Later, as copper, silver, lead, and zinc ores were being mined in large amounts, the Kettle Valley Railway, a branch line of the Canadian Pacific Railway, was built so that ore and smelter traffic would remain in Canada instead of being shipped to the US, as had previously been the case. One of Canada's most historic and scenic railway routes, the Kettle Valley Railway ran past Rock Creek, operating between 1916 and 1973. The track between the towns of Midway and Penticton was removed in 1980, providing an excellent hiking and biking trail.
After the initial mining boom, the residents of Rock Creek began to develop an economy in agriculture, forestry, and ranching - all of which remain the mainstays of the local economy today. Some of the finest blue ribbon livestock in British Columbia is now raised in Rock Creek and the surrounding area.
The small town of Rock Creek and the Kettle Valley communities of Westbridge and Beaverdell are the gateways to hiking trails, wilderness recreation sites and some of the best fishing lakes in the Boundary Region.
Rock Creek remains an unincorporated community, with services that include a gas station, convenience store, accommodation, pub, restaurant, fruitstand, and gift shop.
Rock Creek is located on the Crowsnest Highway 3, 55.5 km (34 mi) east of Osoyoos and 33 km (20 mi) west of Greenwood, just north of the Canada/United States border.

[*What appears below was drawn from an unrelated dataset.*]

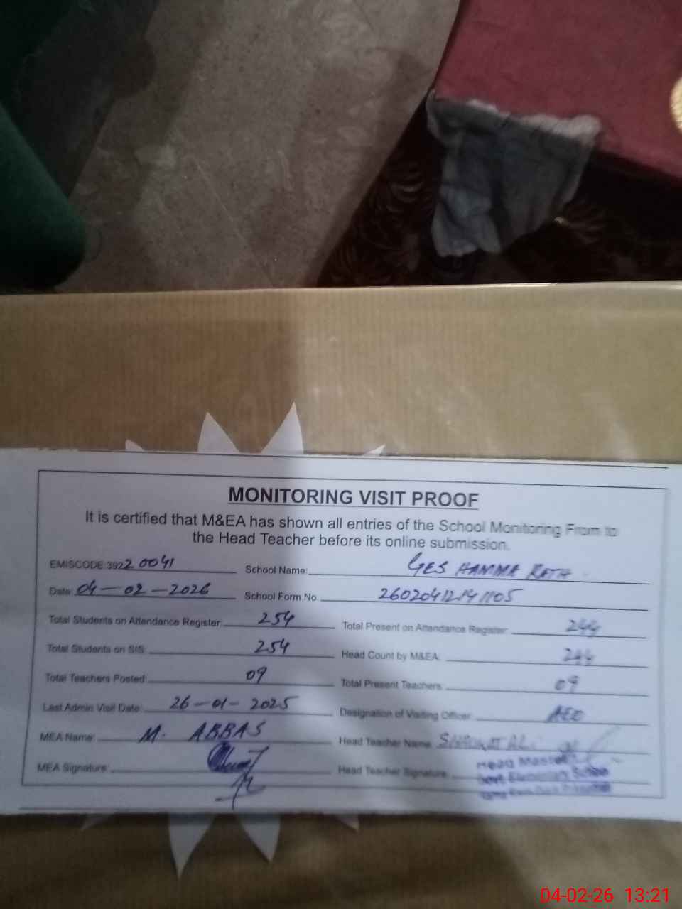 | Certified that this School was Inspected by the Undersigned MEA/DMO Today and the Information Stated Above is as Per Record. | |||||

The trail starts in Penticton, on Vancouver Hill, and crosses over Naramata Road just before Hillside Estate Winery. The incredibly scenic trail meanders through vineyards, orchards, across the McCullough Trestle and takes you north to Naramata. The trail follows along above Naramata Road all the way past Naramata Village to the Little Tunnel, on to the larger tunnels, all the way to Kelowna- across the sidehills, through forests-high above the valley floor. Hike, bike, or cross-country ski this trail seasonally. Vehicles, horses, and ATVs are permitted, but please respect those traveling on foot. Allow yourself a few hours to reach the first tunnel, visible from the village. Magnificent rockery and scenery will awe you on this pleasant grade, which all ages can easily access.

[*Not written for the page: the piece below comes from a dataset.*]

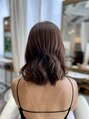 ベージュは、日本人の肌になじみやすく、季節を問わず楽しめる万能カラー★赤みを抑えつつ柔らかさを引き出し、顔色を明るく見せてくれる効果があります♪特に今回のスタイルは、肩にかかるミディアムボブにゆるやかなウェーブをプラス。

Located east of Osoyoos, this park offers camping in a quiet, forested creek side setting. It provides a convenient escape from the hectic Okanagan Valley. The park has 38 hectares of mature Douglas fir, larch and spruce trees that provide habitat for woodpeckers and other cavity nesting bird species. White-tailed deer are often seen in the park.

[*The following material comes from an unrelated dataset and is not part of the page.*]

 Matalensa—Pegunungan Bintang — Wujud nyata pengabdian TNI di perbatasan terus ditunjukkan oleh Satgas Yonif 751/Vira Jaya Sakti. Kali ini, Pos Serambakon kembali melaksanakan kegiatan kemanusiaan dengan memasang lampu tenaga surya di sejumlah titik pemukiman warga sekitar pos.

A secluded lake in the Okanagan Highland east of Osoyoos, set amid a forest of western larch and lodgepole pine intermingling with willow and black alder that cover the sharply rising surrounding hills. Conkle Lake, named for W.H. Conkle, an early settler in the nearby Kettle Valley, is noted for its rainbow trout. Visitors have come for many years to fish the lake, sunbathe, swim and hike to various viewpoints.
Stands of Ponderosa pine interspersed with open areas of bunchgrass characterize this recreation area that lies astride the Kettle River between the Okanagan Plateau and the Monashee Mountains. The abandoned right-of-way of the historic Kettle Valley section of the Canadian Pacific Railway, completed in 1916 to link the Pacific coast with southern Alberta, passes through the site. On the east bank of the river is evidence of the once flourishing gold and silver mines.
In the summer, excellent canoeing or inner tube riding although there are some hazards on the river. In the winter, cross-country skiing and snowshoeing are favourite pastimes.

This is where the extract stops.